Maybe it was just that this was Corporal Doyle’s first day as a fire team leader. But he hadn’t just been promoted like the squad leader—Sergeant Kerr, was that his name? or he would be Sergeant Kerr as soon as the promotion warrant came through—and that gun team leader with the strange name. So how had a corporal been filling a lance corporal’s billet? Had he been a fire team leader before and did something to lose the job? That would explain why he seemed so unsure of himself. But what Ensign Bass said about him didn’t sound like he’d already been a fire team leader. Had he done something heroic and gotten a promotion instead of a medal? If that was the case, why did everybody else in the platoon act like he wasn’t a very good Marine?
Smedley had a lot of questions, more questions, and not the kind of questions he’d expected to have when he finally joined a platoon. But Corporal Doyle didn’t give him time to dwell on them too much.

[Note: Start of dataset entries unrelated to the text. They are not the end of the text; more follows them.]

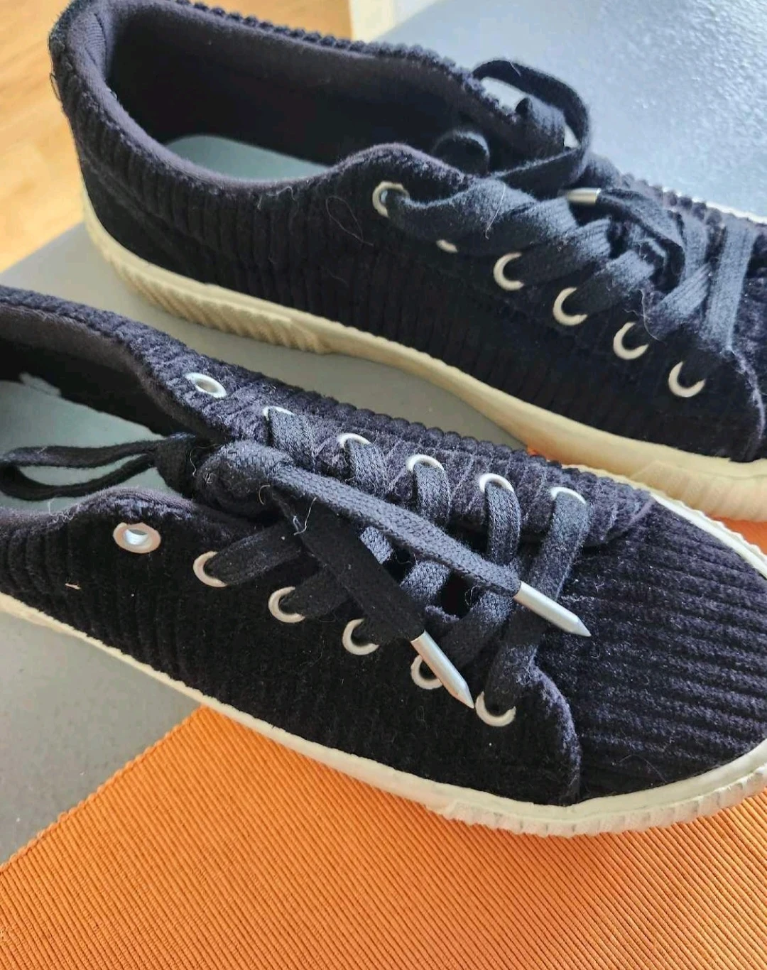 Selling a pair of black corduroy sneakers. They are in great condition and would be great for everyday wear!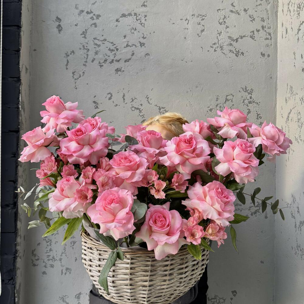Роскошная корзина, наполненная пышными розовыми розами и альстромериями, словно созданная для особых и ярких событий. Композиция источает нежность и чувственность, подчеркивая элегантность и щедрость чувств. В составе: крупные розовые розы, альстромерии и декоративная зелень. Оформлена в изысканную плетёную корзину, идеально дополняющую стиль букета. Подойдет для: роскошного подарка, юбилея, годовщины, важного события или впечатляющего признания. 🌺 Красота, перед которой невозможно устоять.
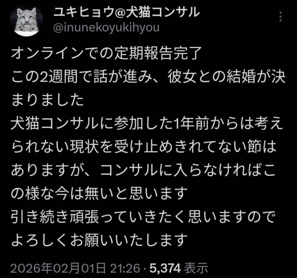 結婚し子供が生まれたコンサル生、彼女いない歴=年齢だったが彼女ができたコンサル生、童貞卒業に成功したコンサル生など、多くの方が犬猫コンサルで結果を出しています。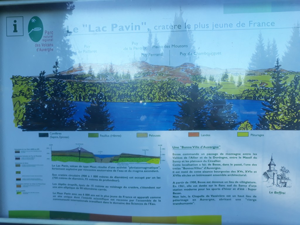 Je m’arrête à Murol au distributeur de la banque, vais prendre mon pain au chocolat pour mon dessert de ce midi (il est trop tard pour le petit déjeuner) mais midi approche. Je m’autorise une bière puis prends la direction du camping de Chambon-du-Lac. Non, je ne prends pas la voiture, je suis encore un marcheur, tant que la tente ne sera pas montée. Arrivée au lac Chambon, je pose les chaussures et me trempe les pieds dans l’eau fraiche du lac. J’ai l’impression d’entendre « pschhhhh » comme quand on met une poêle chaude dans l’eau froide de l’évier. Une randonneuse qui est assise sur le ponton des pédalos et qui elle aussi baigne ses pieds, m’interroge sur mon parcours ayant vu mon sac à dos que j’ai laissé sur un banc. Retraitée, elle et son mari sillonne la France en camping-car pour découvrir à pied, les beaux paysages que nous offrent l’Auvergne.
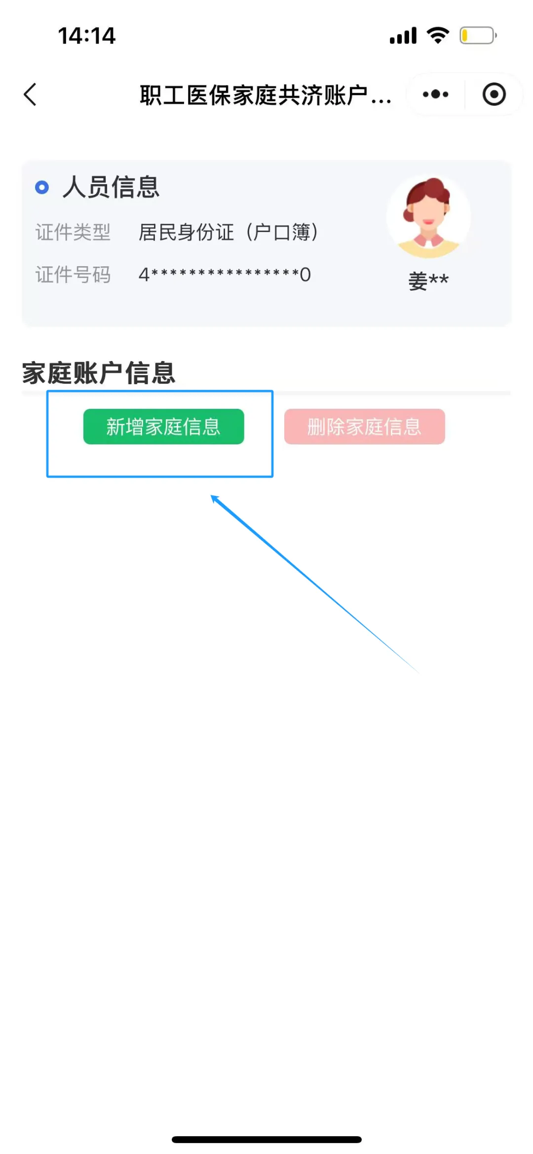 3️⃣点击“职工医保家庭共济账户绑定”进入新增家庭信息界面;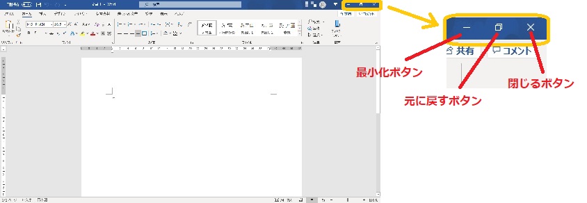 元に戻すボタンとは、最大化している画面を縮小する(元の大きさに戻す)ボタンです。画面が縮小されている状態では、最大化ボタンに変わります。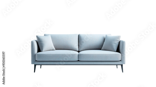 Contemporary Sofa with Clean Lines and Matching Cushions isolated on white background, PNG file, graphic resources

“Summers, Smedley,” Doyle said as he came in from an NCOs’ meeting, “heads up! The word is the bad guys are coming in force through us.” He didn’t stop to look at his men, but went straight to the aperture to look out over the beach below them. Summers and Smedley joined him.
The beach, two hundred meters distant, was sand and pebbles studded with boulders. A rocky shelf rose a quarter of the way in from the waterline, and the ground rose gently from there, though still scattered with jagged rocks and boulders. A glacis was built in front of the aperture to deflect projectiles up and over.
To Smedley, it looked like a killing ground that nobody would be fool enough to attack across. He looked to his left and was surprised to see Corporal Doyle trembling and Summers looking nervous.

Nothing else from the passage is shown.